### Materials provided
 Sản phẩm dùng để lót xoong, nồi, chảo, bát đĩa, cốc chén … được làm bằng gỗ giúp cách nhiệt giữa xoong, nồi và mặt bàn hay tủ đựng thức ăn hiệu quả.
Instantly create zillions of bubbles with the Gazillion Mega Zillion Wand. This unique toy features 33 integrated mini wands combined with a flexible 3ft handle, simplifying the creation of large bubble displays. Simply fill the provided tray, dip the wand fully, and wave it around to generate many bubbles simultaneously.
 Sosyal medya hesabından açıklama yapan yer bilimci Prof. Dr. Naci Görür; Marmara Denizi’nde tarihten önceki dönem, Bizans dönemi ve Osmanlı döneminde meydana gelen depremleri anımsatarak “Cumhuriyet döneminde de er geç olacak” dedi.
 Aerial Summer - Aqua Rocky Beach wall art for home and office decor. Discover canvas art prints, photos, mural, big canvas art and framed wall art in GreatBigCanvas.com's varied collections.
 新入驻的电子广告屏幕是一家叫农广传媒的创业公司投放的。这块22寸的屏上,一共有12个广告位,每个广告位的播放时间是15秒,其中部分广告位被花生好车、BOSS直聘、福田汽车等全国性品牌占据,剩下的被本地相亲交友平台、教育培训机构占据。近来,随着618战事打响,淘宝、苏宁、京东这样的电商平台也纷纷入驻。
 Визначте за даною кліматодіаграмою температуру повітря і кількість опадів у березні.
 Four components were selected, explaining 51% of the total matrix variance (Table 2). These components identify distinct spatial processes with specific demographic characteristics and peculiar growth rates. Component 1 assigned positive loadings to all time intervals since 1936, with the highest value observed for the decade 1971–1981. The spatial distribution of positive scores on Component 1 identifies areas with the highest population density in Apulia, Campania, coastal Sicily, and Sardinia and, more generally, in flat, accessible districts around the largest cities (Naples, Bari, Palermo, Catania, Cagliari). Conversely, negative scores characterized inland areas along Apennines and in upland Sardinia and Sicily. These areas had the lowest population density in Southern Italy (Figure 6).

==

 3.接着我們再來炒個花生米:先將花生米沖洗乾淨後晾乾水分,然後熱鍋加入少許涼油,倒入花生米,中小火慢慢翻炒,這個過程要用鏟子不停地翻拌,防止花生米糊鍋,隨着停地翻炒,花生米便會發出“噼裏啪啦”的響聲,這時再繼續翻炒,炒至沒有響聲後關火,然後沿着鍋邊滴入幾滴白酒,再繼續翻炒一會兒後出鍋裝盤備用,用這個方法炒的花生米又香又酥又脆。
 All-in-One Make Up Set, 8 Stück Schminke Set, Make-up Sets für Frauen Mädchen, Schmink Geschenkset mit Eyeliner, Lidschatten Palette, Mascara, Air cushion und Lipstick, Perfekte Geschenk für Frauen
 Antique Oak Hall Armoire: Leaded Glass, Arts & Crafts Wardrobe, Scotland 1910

### What this task involves
From the material above, copy exactly the lines between the line holding "Sosyal medya hesabından" and the line holding "Four components were", inclusive, and only those.

### Your solution
 Sosyal medya hesabından açıklama yapan yer bilimci Prof. Dr. Naci Görür; Marmara Denizi’nde tarihten önceki dönem, Bizans dönemi ve Osmanlı döneminde meydana gelen depremleri anımsatarak “Cumhuriyet döneminde de er geç olacak” dedi.
 Aerial Summer - Aqua Rocky Beach wall art for home and office decor. Discover canvas art prints, photos, mural, big canvas art and framed wall art in GreatBigCanvas.com's varied collections.
 新入驻的电子广告屏幕是一家叫农广传媒的创业公司投放的。这块22寸的屏上,一共有12个广告位,每个广告位的播放时间是15秒,其中部分广告位被花生好车、BOSS直聘、福田汽车等全国性品牌占据,剩下的被本地相亲交友平台、教育培训机构占据。近来,随着618战事打响,淘宝、苏宁、京东这样的电商平台也纷纷入驻。
 Визначте за даною кліматодіаграмою температуру повітря і кількість опадів у березні.
 Four components were selected, explaining 51% of the total matrix variance (Table 2). These components identify distinct spatial processes with specific demographic characteristics and peculiar growth rates. Component 1 assigned positive loadings to all time intervals since 1936, with the highest value observed for the decade 1971–1981. The spatial distribution of positive scores on Component 1 identifies areas with the highest population density in Apulia, Campania, coastal Sicily, and Sardinia and, more generally, in flat, accessible districts around the largest cities (Naples, Bari, Palermo, Catania, Cagliari). Conversely, negative scores characterized inland areas along Apennines and in upland Sardinia and Sicily. These areas had the lowest population density in Southern Italy (Figure 6).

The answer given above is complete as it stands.